Wednesday, September 26, 2007

Happy Meal For Algernon

Pat Buchanan and Rick Perlstein have great posts/columns (sometimes, it's difficult to tell the difference) following a similar thing - the absurdity of our national overreaction to a visit from The New Hitler himself, Mahmoud Ahmadinejad.

We'll start with Rick, since he takes more time to summarize our collective abject terror at the prospect of Ahmadinejad setting foot on our precious Temple Of Never Forgetting:

Iran's president speaks at a great American university. That university's president, in the act of introducing his lecture, whines like a baby bereft of his pacifier that his guest is a big meany poopy-head. City Council members, too, and a rabbi, make like ten-year-olds, giving their press conference in front of a sign with his face struck through and the legend "Go To Hell." Up in Albany, Democratic leader Sheldon Silver treat the students of this great university like ten years olds, threatening to defund Columbia University lest censors like himself prove unable to shut the poor children's ears to difficult speech. (What, was he worried they'd be convinced, join the jihad?) Then a Republican presidential candidate chimes in—bye, bye, federalism!—saying Washington should starve the school of funds, too. American diplomats used to have the gumption to spar face to face with dreaded foreign leaders. Now they go on cable TV and whine about what a "travesty" it would have been to visit a site which properly should belong to the world. Hundreds of foreign nationals died in the World Trade Center on 9/11 (maybe even some of the Iranian!). Yet we have to systematically repress that—as if our national ego would crack like fine crystal if we were forced to acknowledge the mingling of American blood with that of mere foreigners.
I'd encourage you to ignore the immigration tangent, and click through to Rick's article to follow his links. Take it away, Pat:
What is it about this tiny man that induces such irrationality?

Answer: He is president of a nation that is a "state sponsor of terror," is seeking nuclear weapons, and is moving munitions to the Taliban and insurgents in Iraq.

But Libya was a "state sponsor of terror," and Col. Ghadafi was responsible for Pan Am 103, the Lockerbie massacre of school kids coming home for Christmas. And President Bush secretly negotiated a renewal of relations in return for Ghadafi giving up his nuclear program and compensating the families of the victims of that atrocity. Has Ahmadinejad ever committed an act of terror like this?

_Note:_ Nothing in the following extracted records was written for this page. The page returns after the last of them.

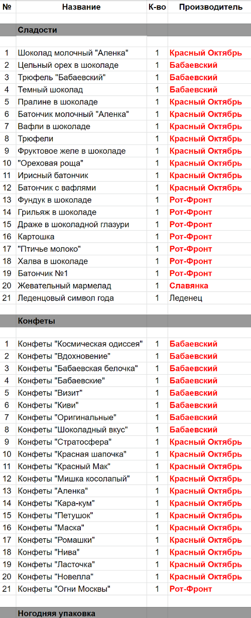 Шоколад молочный "Аленка" (1 шт), Пралине в шоколаде (1 шт), Батончик молочный "Аленка" (1 шт), Вафли в шоколаде (1 шт), Трюфели (1 шт), Фруктовое желе в шоколаде (1 шт), "Ореховая роща" (1 шт), Ирисный батончик (1 шт), Батончик с вафлями (1 шт), Конфеты "Красная шапочка" (1 шт), Конфеты "Красный Мак" (1 шт), Конфеты "Мишка косолапый" (1 шт), Конфеты "Аленка" (1 шт), Конфеты "Кара-кум" (1 шт), Конфеты "Петушок" (1 шт), Конфеты "Маска" (1 шт), Конфеты "Ромашки" (1 шт), Конфеты "Нива" (1 шт), Конфеты "Ласточка" (1 шт), Конфеты "Барокко" (1 шт)
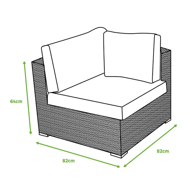 Con dimensiones de 82 x 64 x 82 cm. Los materiales utilizados están especialmente tratados para resistir la exposición al sol, la lluvia y los cambios de temperatura. Ideal para reuniones en familia o momentos de relax en solitario.
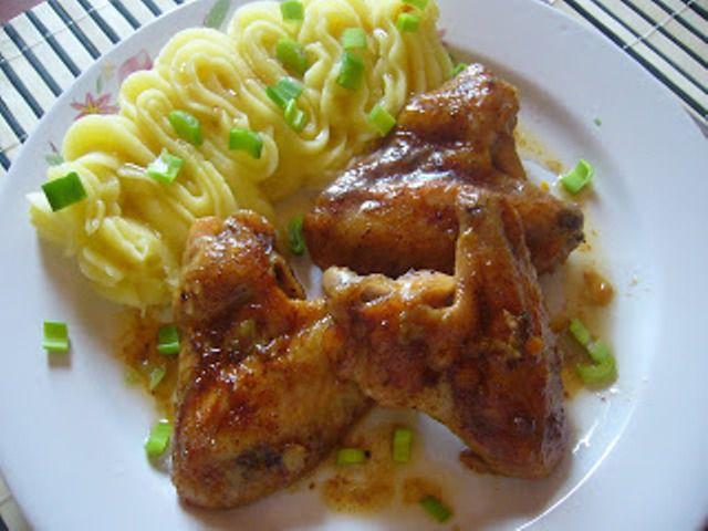 Mod de Preparare: Curatam si spalam aripioarele, le asezam intr-o tava, condimentam, tocam usturoiul marunt, turnăm vinul si punem folie de aluminiu pe tava... facem cateva gaurele cu o scobitoare si introducem tava la cuptor cca 20 min... intre timp curatam cartofii ii punem la fiert in apa cu sare... dupa 20 min scoatem tava cu aripioare, luam folia si mai bagam la cuptor 10 min... cand sunt fierti cartofii, ii scurgem de apa, ii zdrobim si adaugam unt si lapte, mixam putin... servim aripioarele cu piureul si sosul de vin cu usturoi. Pofta buna!

Richard Nixon went to Moscow and concluded strategic arms agreements while Moscow was the arms supplier of the enemy we were fighting in Vietnam that used, at Hue, mass murder as a war tactic.

Nixon went to Beijing to toast Mao Zedong, the greatest mass murderer in history, responsible for the deaths of 37,000 Americans in Korea, who was, in 1972, persecuting and murdering dissidents in the Great Proletarian Cultural Revolution run by his crazed wife, and transshipping Russian weapons into Vietnam.

And Nixon is today hailed as a statesman for having gone there.

In 1959, President Eisenhower rode up Pennsylvania Avenue in an open convertible with Nikita Khrushchev, Stalin's gauleiter in Ukraine, who, three years before his tour of the United States, had sent tanks into Budapest to butcher the patriots of the Hungarian Revolution.

What has Ahmadinejad done to rival these monsters?

Nothing of course, but actions don't matter like they used to. Back to Rick for some elaboration on the Khrushchev visit:
Nikita Khrushchev disembarked from his plane at Andrews Air Force Base to a 21-gun salute and a receiving line of 63 officials and bureaucrats, ending with President Eisenhower. He rode 13 miles with Ike in an open limousine to his guest quarters across from the White House. Then he met for two hours with Ike and his foreign policy team. Then came a white-tie state dinner. (The Soviets then put one on at the embassy for Ike.) He joshed with the CIA chief about pooling their intelligence data, since it probably all came from the same people—then was ushered upstairs to the East Wing for a leisurely gander at the Eisenhowers' family quarters. Visited the Agriculture Department's 12,000 acre research station ("If you didn't give a turkey a passport you couldn't tell the difference between a Communist and capitalist turkey"), spoke to the National Press Club, toured Manhattan, San Francisco (where he debated Walter Reuther on Stalin's crimes before a retinue of AFL-CIO leaders, or in K's words, "capitalist lackeys"), and Los Angeles (there he supped at the 20th Century Fox commissary, visited the set of the Frank Sinatra picture Can Can but to his great disappointment did not get to visit Disneyland), and sat down one more with the president, at Camp David. Mrs. K did the ladies-who-lunch circuit, with Pat Nixon as guide. Eleanor Roosevelt toured them through Hyde Park. It's not like it was all hearts and flowers. He bellowed that America, as Time magazine reported, "must close down its worldwide deterrent bases and disarm." Reporters asked him what he'd been doing during Stalin's blood purges, and the 1956 invasion of Hungary. A banquet of 27 industrialists tried to impress upon him the merits of capitalism. Nelson Rockefeller rapped with him about the Bible.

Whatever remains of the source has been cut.